My parents, Ken and Alberta, first met in Chicago in 1950. My dad had a car and his best friend asked him if he could take him to a girl’s house to ask her to a dance. The girl was my mother’s older sister, Frankie. Instead of staying in the car, my dad decided to go into the house too. He was curious about the house because he had heard stories about the lady (my great grandmother) who was a psychic medium and held seances every night in the basement. As my dad was wandering through the house (on his way to the seance room) he ran right into my great grandmother who promptly redirected him and told him he could wait for his friend in the living room. My mother happened to be in the living room watching t.v. My dad introduced himself and asked my mom if she wanted to go to the dance with him. She said yes. At the dance, my dad danced with every girl except my mom. After that, my parents went their separate ways. My dad was invited into the Marine Corps and my mom taught school for awhile before eventually leaving Chicago to attend medical school.
Ten (+) years later when my mom finished medical school, she sent my dad an invitation to her graduation. My dad did not go to the graduation. Instead, when my mom returned home to Chicago, he took her to dinner to celebrate. They were married within the year.
Soon, my older sister, Aellyn, was born and then my middle sister, Ayn, came along. My father always told my mom that he wanted a big family. At that time, my mom was content with just the two girls. By then, my mom had become a child Psychiatrist (specializing in children ages 11 and under). She was very busy. But, my dad, as usual, had a special knack for getting things to go his way.
At that time, my dad was an avid African Art collector. A friend of his had given him a pair of Ibeji dolls (fertility dolls from Ghana). The friend cautioned my dad about keeping the dolls together. He also advised my dad against keeping them in the bedroom— that is, if he intended to have no more children. Naturally, my dad put the dolls in the bedroom (he wanted a big family).
Nine months later, my twin sister, Akwelle and I were born. My dad made sure to give us Ghanaian names. In protest, my mother called us “Baby A” and “Baby B” for quite awhile. She was not thrilled with these unusual names from Ghana. Akwelle means first born female twin and Akuokuo means second born female twin. Had we been boys, my dad planned on naming us Romulus and Remus (after the founder’s of Rome).

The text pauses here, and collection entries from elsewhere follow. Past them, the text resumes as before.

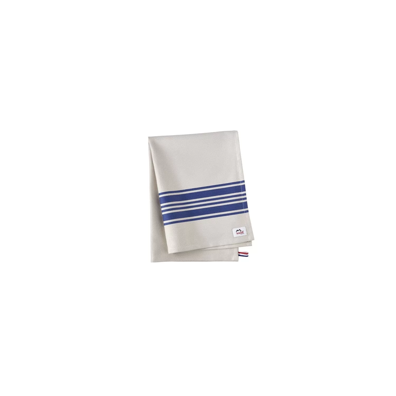 Il nuovo strofinaccio da cucina STAUB, come ogni altro prodotto a marchio STAUB, soddisfa le più alte aspettative verso un utensile da cucina. È stato cucito per unelevata durabilità su tutti e quattro i lati e subisce un processo di lavorazione di elevata qualità. Dalle dimensioni di 50 cm x 70 cm e dotato di uno stabile laccetto, lo strofinaccio fortemente assorbente soddisfa i requisiti funzionali dei cuochi professionisti. Le capacità di impiego di uno strofinaccio da cucina non conoscono confini. Dallasciugatura alla pulizia di stoviglie e posate, fino al lavaggio del piano di lavoro: un assistente sempre al tuo fianco, questo adorato pezzo di stoffa si merita il posto fisso sulla tua spalla o sulla tua cintura. Ovviamente un tessuto, in una cucina di un certo livello, assume anche una funzione decorativa: il design senza tempo vive del magnifico contrasto delle 6 righe in blu poste sullo sfondo bianco naturale. Non mancano i colori della bandiera francese, infatti li troviamo in un piccolo passante sull'orlo cucito. Una discreta etichetta STAUB dimostra che lo strofinaccio è un prodotto di marca.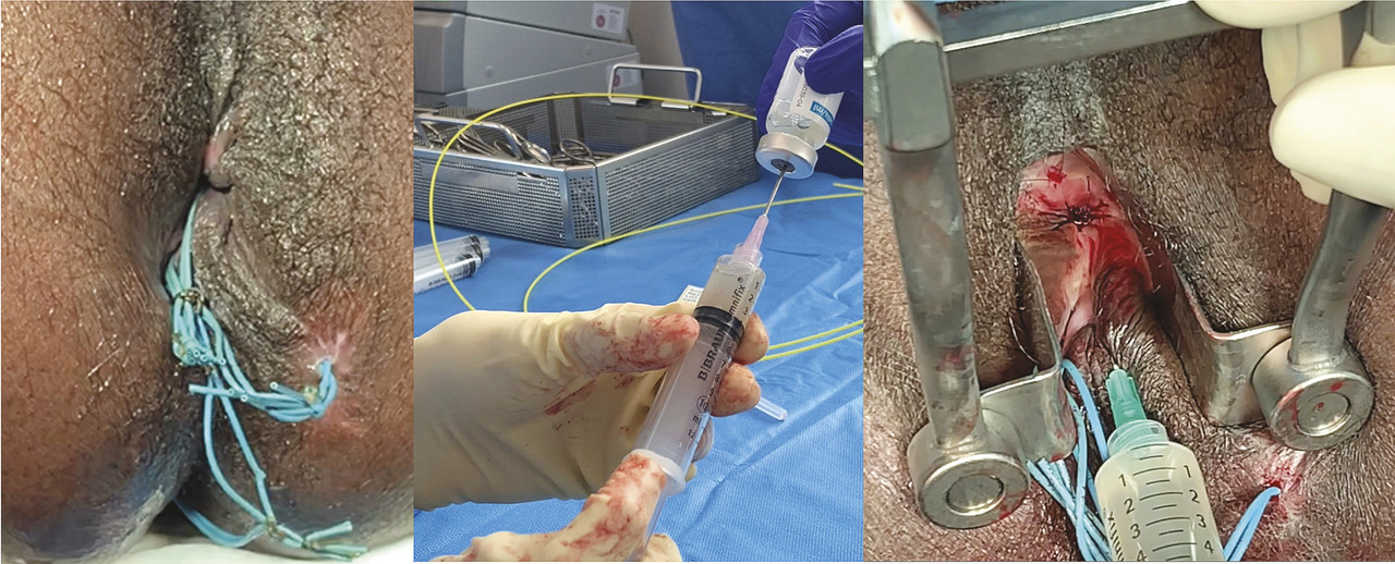 La décision de l’injection se prend en général en réunion de concertation multidisciplinaire impliquant au moins un gastroentérologue assurant l’optimisation du traitement médical, un proctologue chirurgical et un radiologue s’assurant de l’absence de collection résiduelle à l’IRM. La commande du produit doit se faire au moins seize jours avant la programmation du patient au bloc opératoire. Les CSM sont réceptionnées le jour même de l’injection et ont une durée de vie limitée à partir de leur déstockage et décongélation (20 heures à leur réception). Ceci complexifie la procédure de programmation, avec un risque de perte du produit et un impact financier en cas d’annulation du patient à la dernière minute. Certains programment donc un patient en « back up » le jour même pour éviter ce type de problèmes. Avant l’injection elle-même, une phase d’exploration sous anesthésie est conseillée afin de s’assurer de l’absence de diverticule résiduel non drainé et de préparer le trajet par un brossage et un lavage. La phase d’injection est programmée sous anesthésie, en moyenne quinze jours à un mois après cette exploration. Après ablation du ou des sétons, une injection sous-muqueuse de la moitié du produit est réalisée au niveau de l’orifice interne de la fistule après sa fermeture par un ou plusieurs points en X. En alternative, la technique de fermeture peut être un lambeau muqueux ou musculo-muqueux selon la taille de l’orifice interne et les habitudes du proctologue (Avec quels résultats ?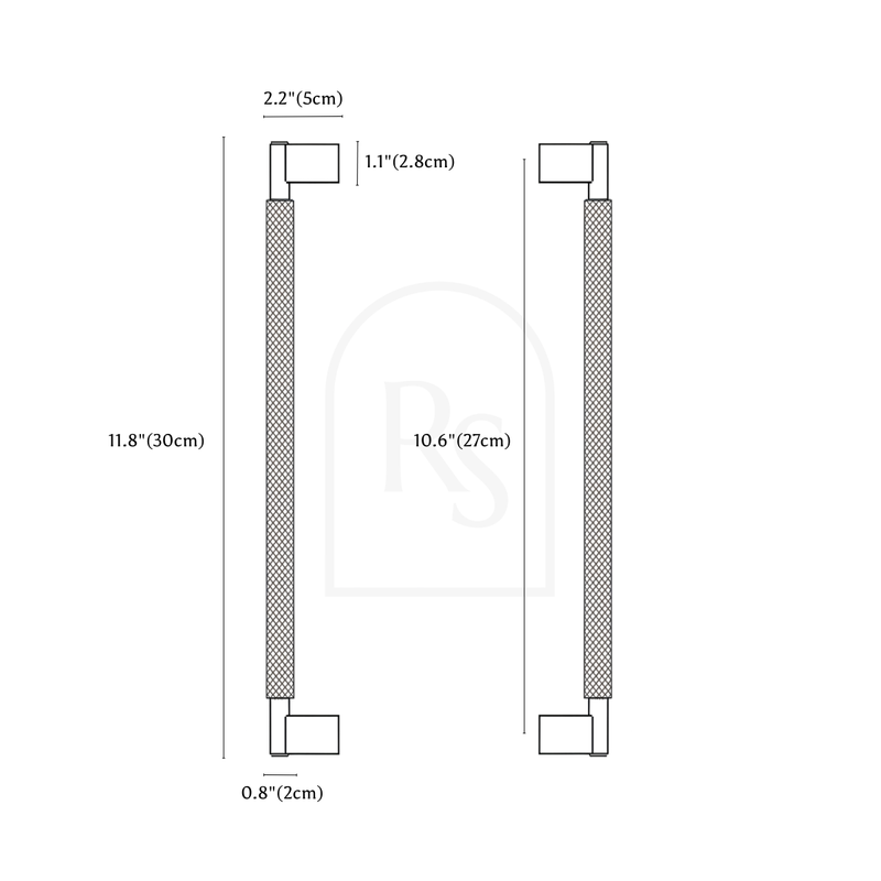 Solid brass pull offers enduring strength and a knurled grip for tactile comfort — perfect for doors needing pulls on both sides.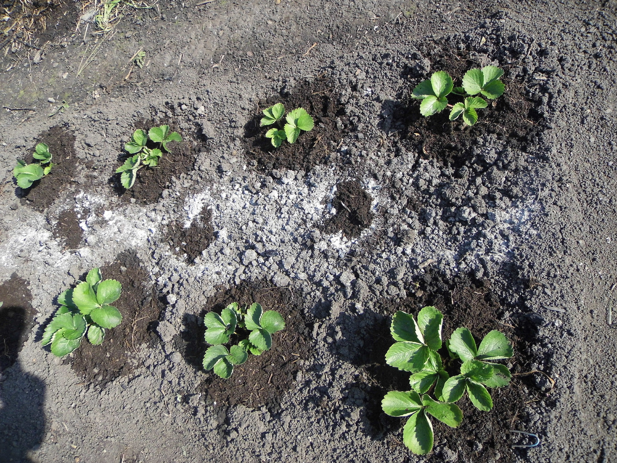 Начиная с 9 августа, три дня я сажала новые саженцы клубники в нашем саду. Посадила немногим больше 80 корней четырёх сортов. Саженцы были свои.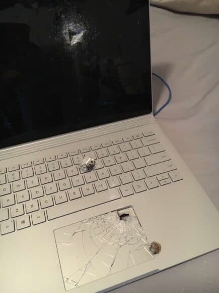 Aaron 表示住在他樓下的住客向天花板開槍,結果子彈打穿了他家的地板和睡床,而子彈剛好被 Surface Book 3 停住了。圖片可以見到 Aaron 的 Surface Book 3 觸控板被子彈打穿了,而屏幕亦留下了一個彈孔,彈頭則留在筆電內。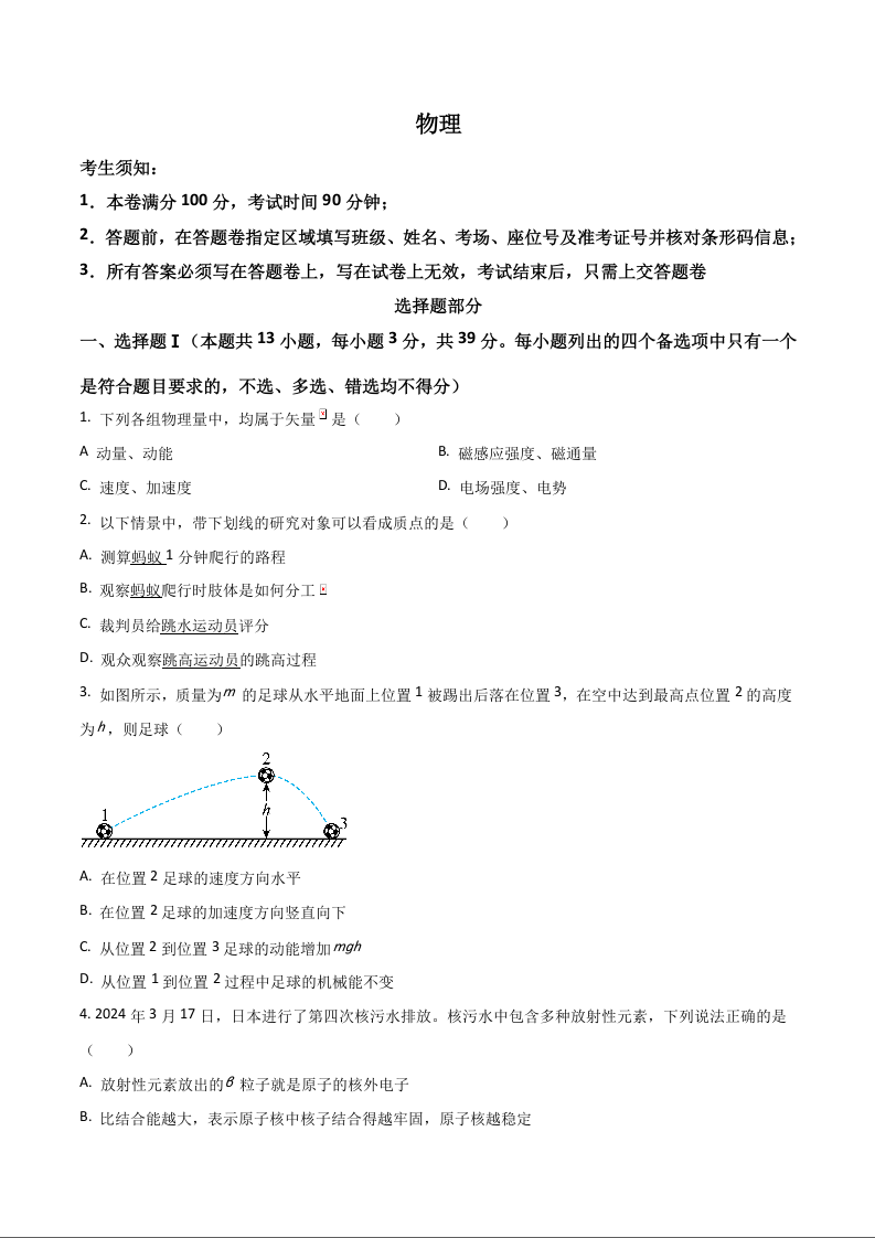 浙江省慈溪中学、舟山中学等多校2025届高三上学期期中考试 物理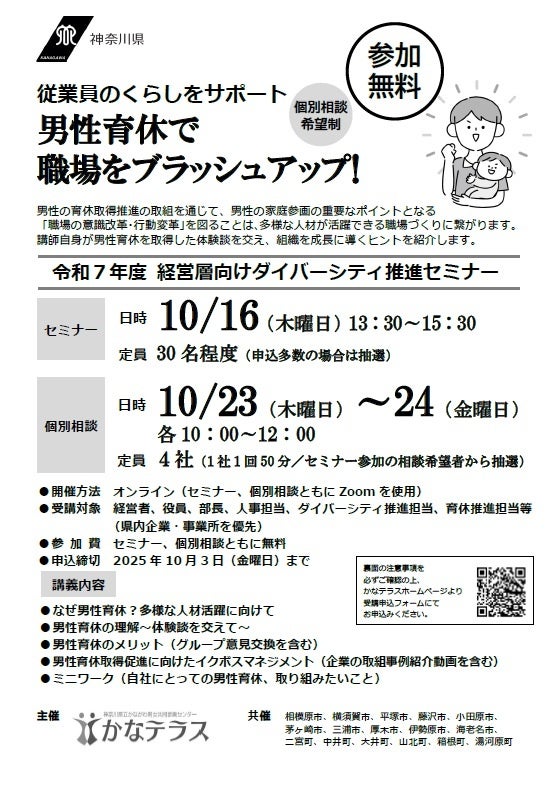 【10月3日(金)まで参加者募集中】経営層向けダイバーシティ推進セミナー ~男性育休で職場をブラッシュアップ!~ <無料>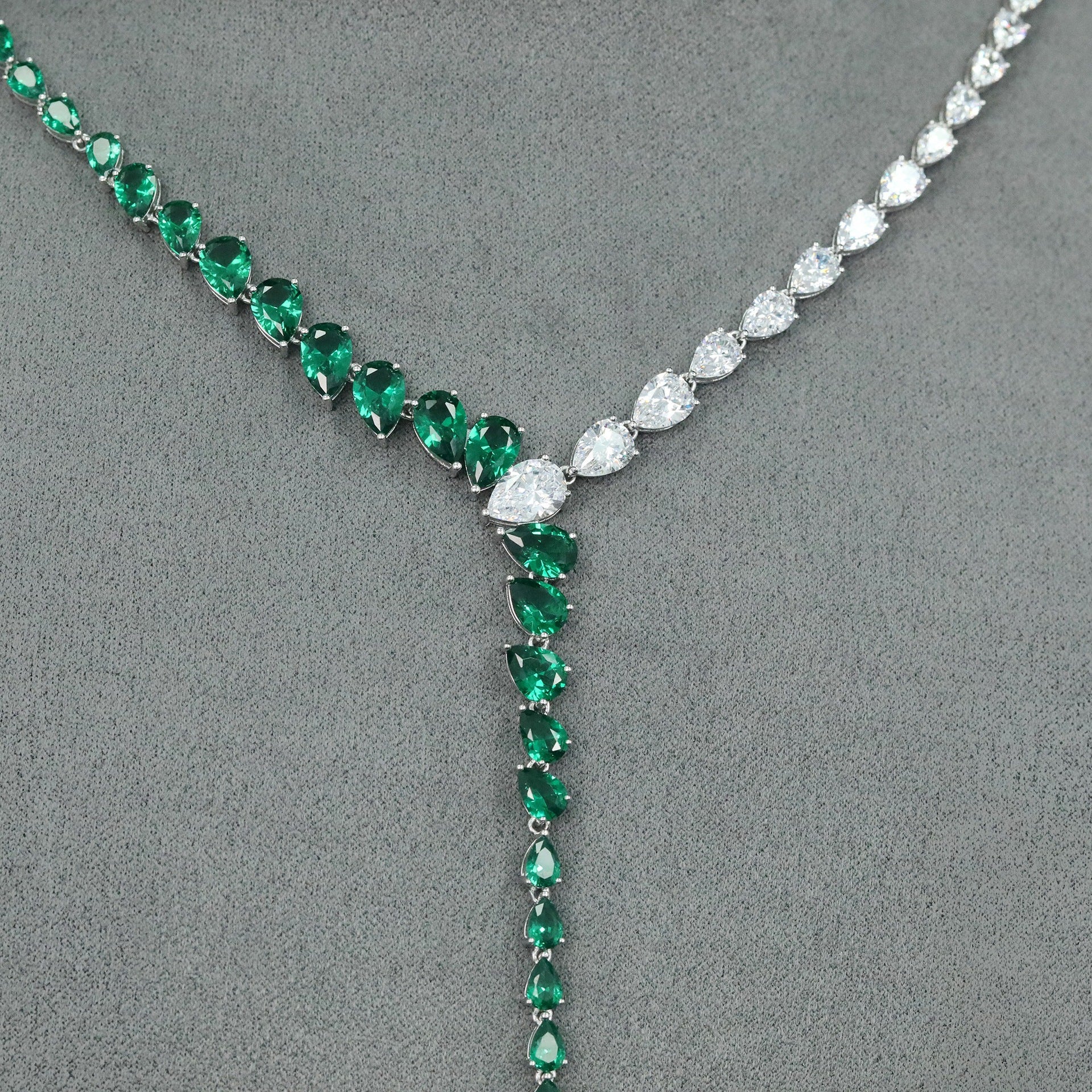 High Carbon Diamond Spirit Snake Muzo Green Teardrop Y Silver Plated Necklace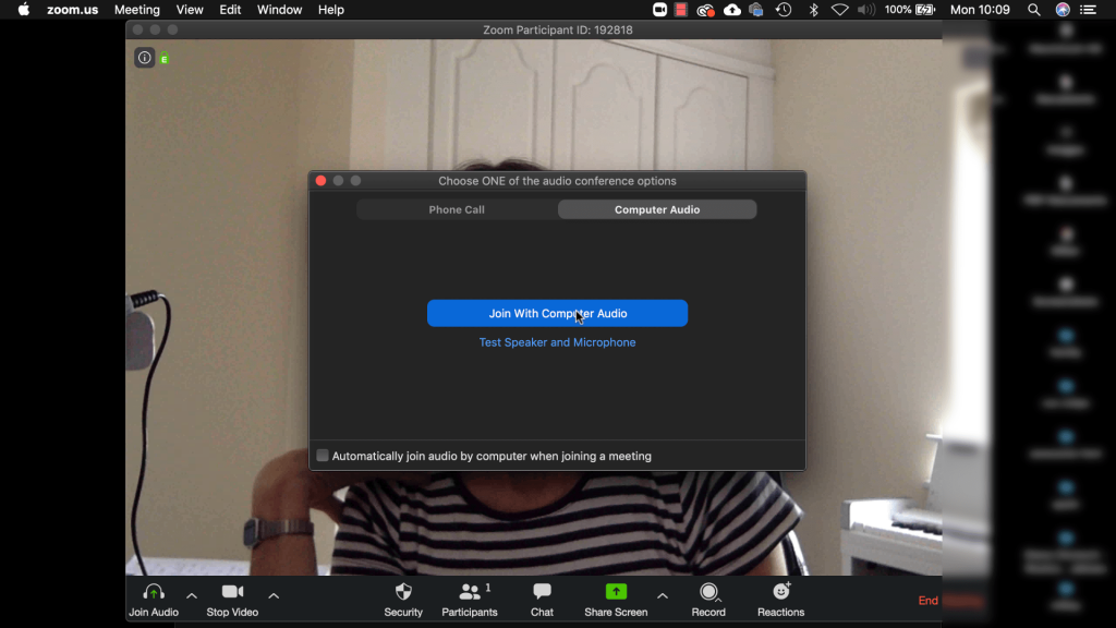When you begin a new meeting choose ‘Join with Computer Audio’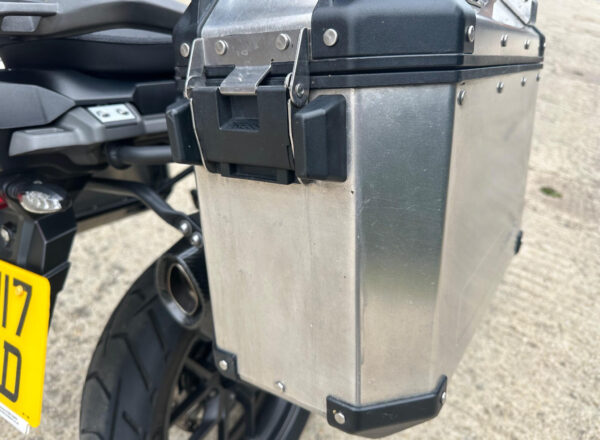 Here we have an immaculate Triumph Explorer 1200 XRX Low with only 9766 miles. We sold the bike to the last owner and it has come back in against a 1200 Tiger Rally Pro. The bike has all its books and keys with the service book containing 8 service stamps. The last was at 8849 miles in March 2025. The bike comes with Expedition panniers , an arrow silence with the original , tank pad , knee pads , heated grips ., hand guards , comfort front and rear seats , rad guard and a fender extender. I would say it has to be one of the better examples available.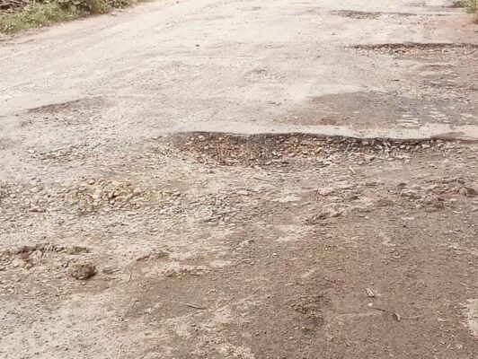 ಈಗ ಮಳೆಗಾಲ,ಗುಂಡಿಯಲ್ಲಿ ನೀರು ತುಂಬಿದರೆ ರಸ್ತೆ ಯಾವುದು ಗುಂಡಿ ಯಾವುದು ಎಂಬುದು ಗೊತ್ತಾಗುವುದಿಲ್ಲ.ಡಾಂಬರು ಕೂಡಾ ಕಿತ್ತುಹೋಗಿ ಕೆಸರುಗದ್ದೆ ಯಾಗಿದೆ.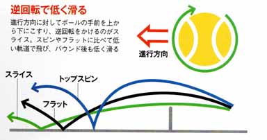 スライスとは、ラケットを上から下に振ってボールに逆回転をかけるショットだ。地面に落ちるまでの滞空時間が長く、低い軌道で飛んでゆき、バウンドしてからも高く弾まない。面の当て方によって、低く滑らせたり、止まるように失速させたりと、バウンドを変えることもできる。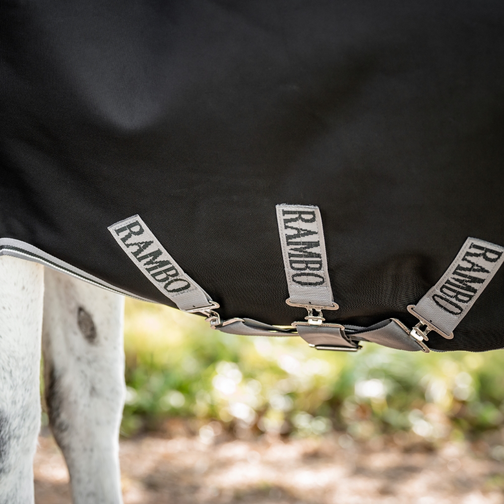 Rambos bekanntes Qualitäts-Pferdedecken aus super starkem 1000 Dn. ballistischem Nylon mit halbhohem Hals und 200 Gramm Füllung sowie Nylonfutter, um Abnutzung an der Brust des Pferdes zu verhindern.

When I was a senior at Brown University, I wrote my parents detailing my plans of “exploring the arts” for the rest of my life starting with cooking school. My father was amused. My mother had a fit. “I did not pay all that money for you to end up in somebody’s kitchen,” she said. I became the office manager of my mom’s psychiatric practice and explored the arts in my free time.
My twin s sister, Akwelle, is my mom’s assistant.
My older sister, Aellyn, is a behavioral therapist—also working in my mom’s practice as well as a singer/ songwriter. She has two children, Amy (recent college grad.) and Kenneth (currently in acting school).
My middle sister, Ayn, is a psychologist specializing in PTSD. She is not currently actively participating in our mom’s stroke recovery.
We all have different ways of coping with stress. When my father was ill with non-hodgkins lymphoma, my middle sister, Ayn, did the same thing. She just could not be present for the day to day process.
Instead she chose to wait it out, thinking things would get better once our dad finished treatment. His treatment was progressing well, but he contracted pneumonia and quickly died. This devastated my middle sister Ayn. She has truly never been the same since. Again, we all have different ways of coping with stress. Some, of course, are more productive than others.
I, for example, love Keith Urban. I got the Player by Keith Urban DVDs for Christmas. I am learning to play the guitar.
Of course, I also have a serious chocolate problem.
And, I am the reigning fantasy daydreaming queen. I often find myself looking into the sky, watching the clouds. Suddenly, I am transported to an alternate reality where Keith Urban and I live in New Mexico on our avocado ranch. We are raising our triplet boys Kash, Koal and Kolt. Keith is a gentleman farmer and I am a ceramicist. All in good fun!
My twin sister, Akwelle, on the other hand, has been coping with stress by writing. Her latest blog is called Make Some Dough (a dough diary). Click the link below to take a look:
It is not easy being a caretaker for a parent. It is not easy seeing them down and out. But maybe one day my middle sister will visit our mother. And maybe she too will find strength in our mom’s will to survive. To her credit, Ayn did play a pivotal role in getting an abusive night time aide fired at the nursing home/ rehab facility where our mom spent 3 months of her recovery.
I almost forgot to mention our two very special canine family members. Kookaburra (Lab/ Border Collie mix) and Brooke (Sheltie). They are true healers!